After generating a number of random graphs, we investigated a number of relationships between cell assemblies vs. other features in random graphs. We speculate on a few of these relationships here.
When we vary the probability that any given pair of vertices has an edge between them over a number of undirected, Bernoulli random graphs, we can see a number of distinct phases in the number of cell assemblies that these graphs will have, on average ( [link] ).
First, edge probability is insufficient to form even one assembly, then the number of assemblies increases to a peak as the graph becomes more dense. Past that peak, the closure of all tight sets converges to a single cell assembly. It would be interesting to find a method for predicting the probability at which this peak occurs, and then comparing that value to biology.

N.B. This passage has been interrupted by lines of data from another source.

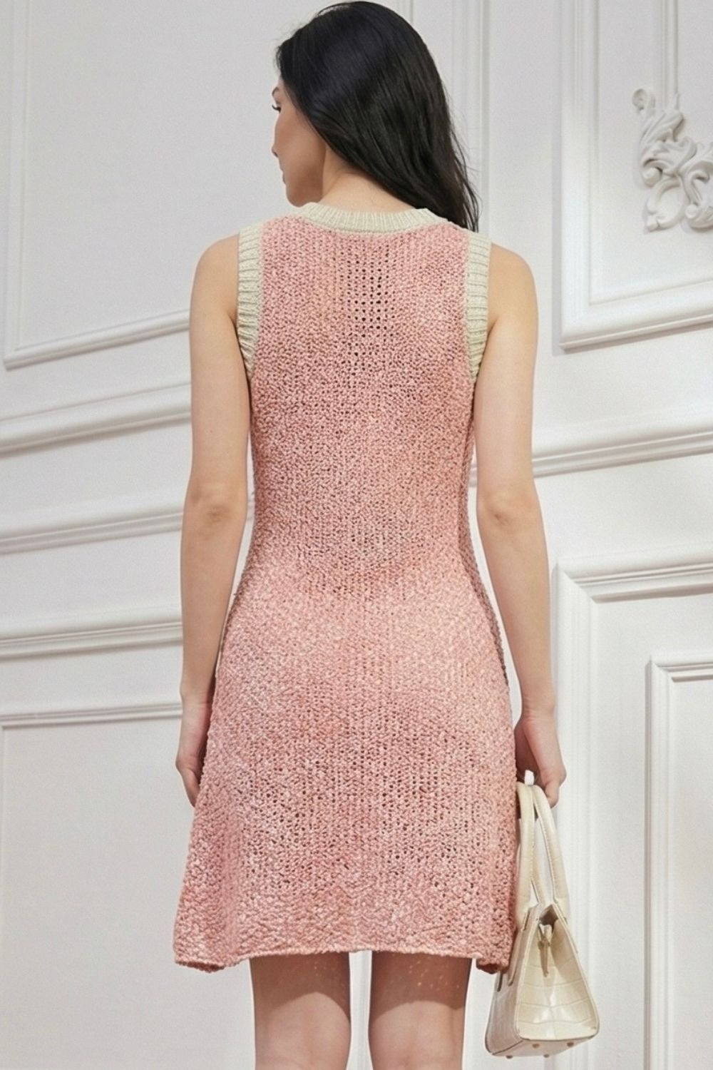 Soft, feminine, and effortlessly stylish, this blush pink textured knit mini dress is a chic addition to your wardrobe. Designed with a sleeveless silhouette and a classic round neckline, it features contrasting ribbed trims that add subtle structure and visual interest. The delicate open-knit texture creates a lightweight, breathable feel while gently contouring the body for a flattering fit. Its softly curved hemline enhances movement and modern appeal. Perfect for brunch dates, daytime outings, or summer gatherings, this dress pairs beautifully with neutral heels or flats and a structured handbag for an elegant, polished look.
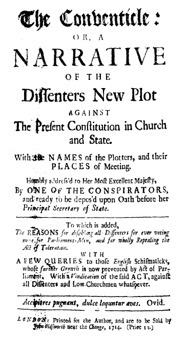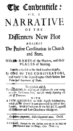 Humbly address’d to Her ... Majesty View Pages in PDF Format [ Pages 1 - 50 ] [ Pages 51 - 99 ] The conventicle: or, a narrative of the dissenters new plot against the present constitution in church and state. ... Humbly address’d to Her ... Majesty, by one of the conspirators, ... London, printed for the author, and are to be sold by John Oldsworth, 1714. Notes: Prefaced by: ’High-church loyalty: or, the secret history of the anti-schismaticks’, signed on p.27: Philaret, i.e. John Dunton. 99 pages. |
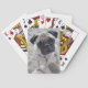 Um cachorro de frente com um rosto preto no joelho do fotógrafo olhando para a câmera.

The Cooper-Frieze scale-free graph has no parameter to directly adjust edge density, but varying the related parameter, does have similar effects.
A fairly promising, although ostensibly not very accurate, indicator of the number of k-cores is the maximum eigenvalue of a graph's adjacency matrix ( [link] ).
On undirected Bernoulli random graphs, the two variables appear to have a nontrivial, positive correlation. However, here we see that the method of graph construction is extremely important to any such observations, since on directed scale-free graphs, we see a relationship that is not nearly as clear ( [link] ).
Our approach to enumeration of cell assemblies in arbitrary graphs probably runs insufficiently fast to explore the problem as an end in itself. However, it does give us a useful tool to help us understand cell assemblies. We can now find an unlimited number of examples of cell assemblies which we may use as tools to explore general trends and gain insight into the structure of cell assemblies. Perhaps with enough work on the subject, we may find a viable way to understand the workings of the brain through random graph theory.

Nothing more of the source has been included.